# The Five Elements



## JAMOB (Dec 30, 2010)

*(Some people have said this is alot like a history lesson. SO be prepared for that, but hopefully it is an interesting one)*

Hello Heresy! Now, this is the first book that I am serious about writing (I have started other with no intention of finishing) so any feedback would be great. This thread will evolve over time, much like an army plog. Right now I have only some of the background stuff.

I will be using the 5 greek elements heavily, as well as LOTR style races. If any idea looks similar to yours, and your name on this forum is Revan, it may have stemmed from you. Sorry Revan some of your ideas are too good to pass up. For example, I am stealing the Celestials from you, except will be giving them a much different role.

I wrote stuff up for all the elements except air, i will get to that then edit.
Also I wrote out alot of stuff that i need to type up before i can post on here, and alot of it is drawings...

Q&Q appreciated


Fire

The essence of fire is heat. Fire is the human creativity, and the drive behind actions. The soul is comprised of Fire and Air, while the body is Earth and Water. The fire in the soul drives all creatures, especially the free peoples.

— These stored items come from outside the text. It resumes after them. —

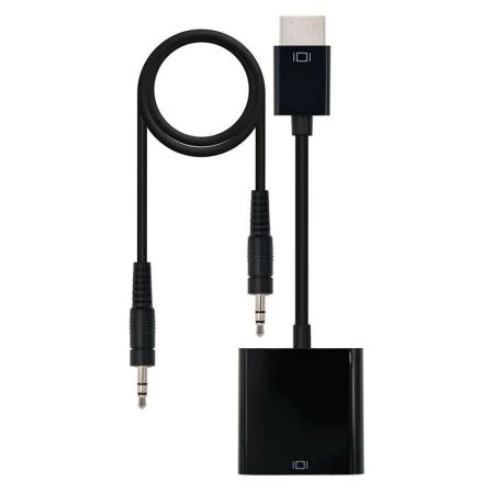 Conversor HDMI a SVGA y audio con conector HDMI macho en un extremo y conector D-sub HDB15 hembra y Jack 3.5 hembra en el otro.
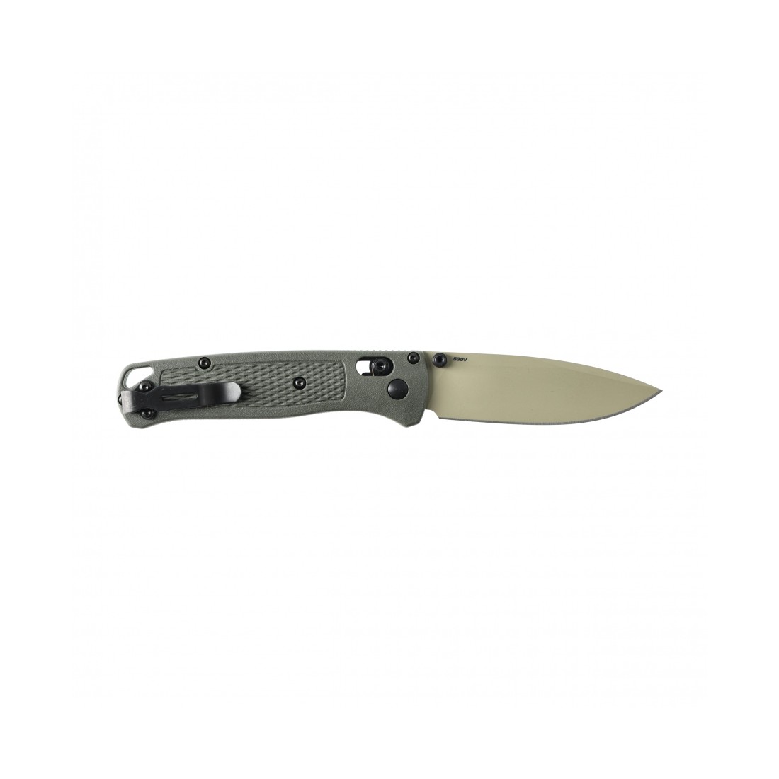 Nóż składany Benchmade 535TN-11 Bugout to jeden z najnowszych przedstawicieli noży marki Benchmade. Model ten jest niezwykle lekki (zaledwie 52 gramy) i wygodny w przenoszeniu, dzięki czemu idealnie sprawdzi się jako nóż EDC. Głownię Drop-point długości 82 mm wykonano ze stali CPM-S30V o gładkim szlifie. Stylowe wykończenie za pomocą warstwy Cerakote nadało jej charakterystycznego, miłego dla oka wyglądu. Przedstawiona wersja noża ma ryflowane okładziny w kolorze oliwkowym. Bugout to bardzo lekki i wydajny nóż, stworzony w celu zapewnienia najwyższej wygody i funkcjonalności.
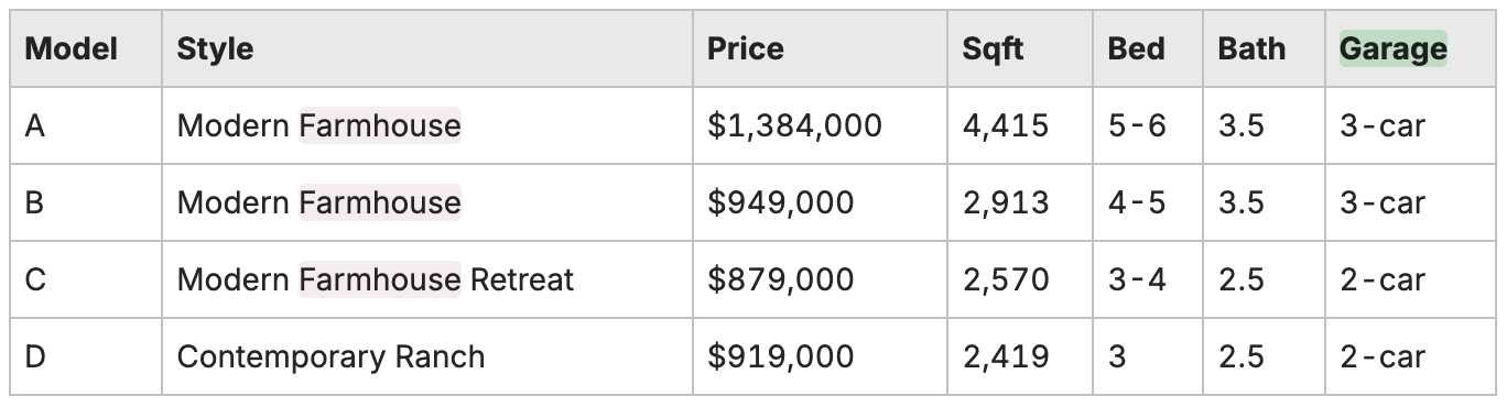 Pine Hill Farm Preserve offers four distinct home models, each designed with luxury and functionality in mind. Below is a comparison of the available models, including style, pricing, square footage, bedrooms, bathrooms, and garage capacity.
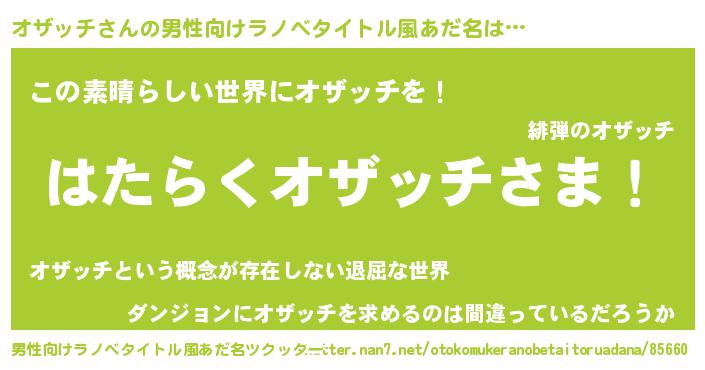 | 意味不明あだ名 | 『住所不定無職オザッチ(56歳)』 |
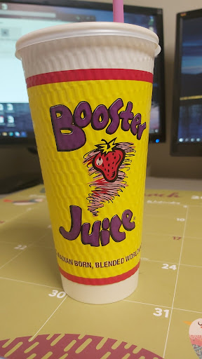 I live close by and was on my way to work tonight and decided to stop at the plaza to grab something on my way to work. Rather than go into the grocery store I decided to stop at this booster juice. It was 8:15pm and the signage indicated it’s open til 9p.
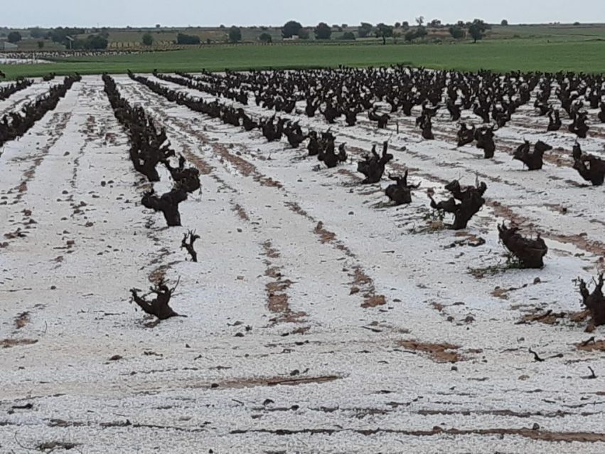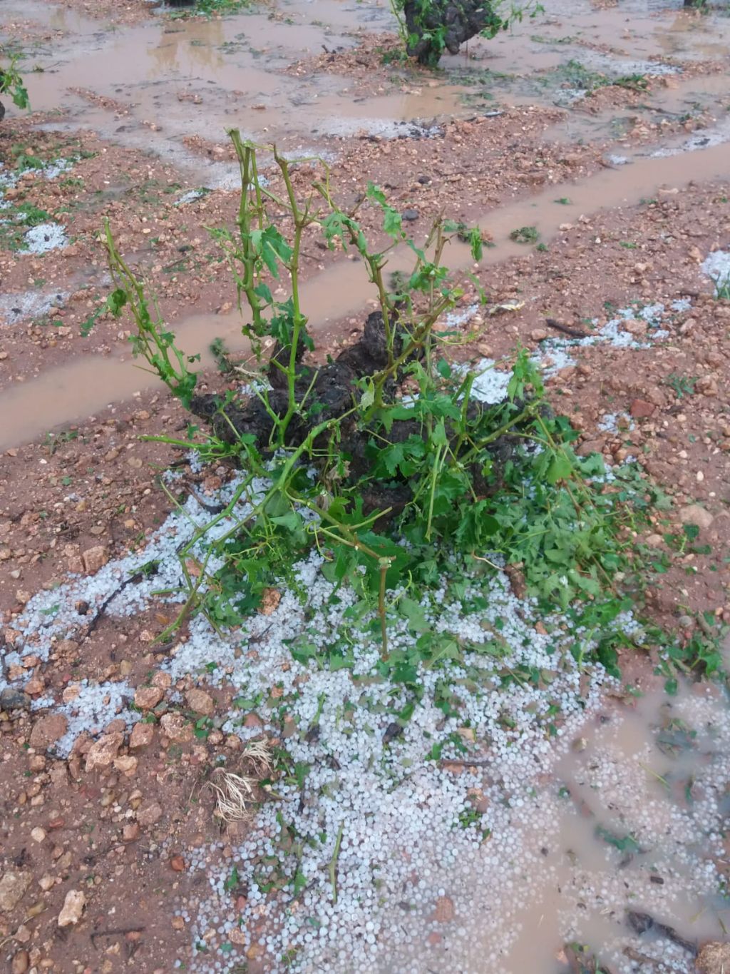 Una fuerte tormenta de granizo ha causado daños en numerosas hectáreas de viñedo de varias zonas de Castilla-La Mancha, entre ellas, Socuéllamos y Tomelloso, en la provincia de Ciudad Real y Santa Cruz de la Zarza, Madridejos y Consuegra, en la de Toledo. Además, a primera hora de la tarde de este martes, volvía a llover torrencialmente en localidades como Valdepeñas y Moral de Calatrava, inundando parcelas de viñedo y olivar, principalmente. Y en la provincia de Albacete también ha llovido abundantemente en las localidades de Balazote, Lezuza y Hellín. En esta provincia los daños se suman a los de localidades como La Gineta o Pozohondo, con parcelas de viña, olivar, cereales, leguminosas y almendro afectadas. Más de 1.000, según las primeras estimaciones de ASAJA Albacete.

Dragons are varied depending on type. There are dragons of each type, the most famous being the Fire and Water Dragons. Fire Dragons are the most feared among all mainland peoples. They come down from above breathing their deadly fire, and kill many before they can be harmed. Fire dragons have souls of Fire and Air, but there is fire in their body as well. Fire dragons have very little water in them. The water is instead (mostly) replaced with fire, and it makes them hot-headed and reckless. They are the most often killed, but some how the most plentiful. Perhaps it is just that they are the only ones who will come out and fight?

Phoenixes are the embodiment of fire, and are made of only fire and air (mostly fire).

Many elves and some humans have a great affinity for fire. They recognize its awesome power, and use it to their fullest advantage. Their sorcerers are terrifying foes to face, summoning serpents made all of fire, and shooting balls of fire at their foes. Some Dwarves too see the fire as supreme, but most are stuck in the Earth. The halflings are generally uninvolved, their favorite element being food. Those of the Dark Realms will follow any aspect, including fire, but it will be a perversion of the real thing. They will take all that is evil about the aspect and use it against their foe. With fire, they take its sheer destructive power and its call to fight against their opponents. They will use fire to make their enemies do something stupid through hubris, and then destroy them with that same fire. On the other hand if uncorrupted fire will make the most beautiful things of all the elements.

Water

The essence of water is the cold. Water is human emotion and intuition, often changing and flowing. However, water flows unlike fire which flickers. Therefore it is more predictable and easier to understand. Water is everywhere. It takes up most of the worlds surface. The body is Earth and Water, while the soul is comprised of Fire and Air.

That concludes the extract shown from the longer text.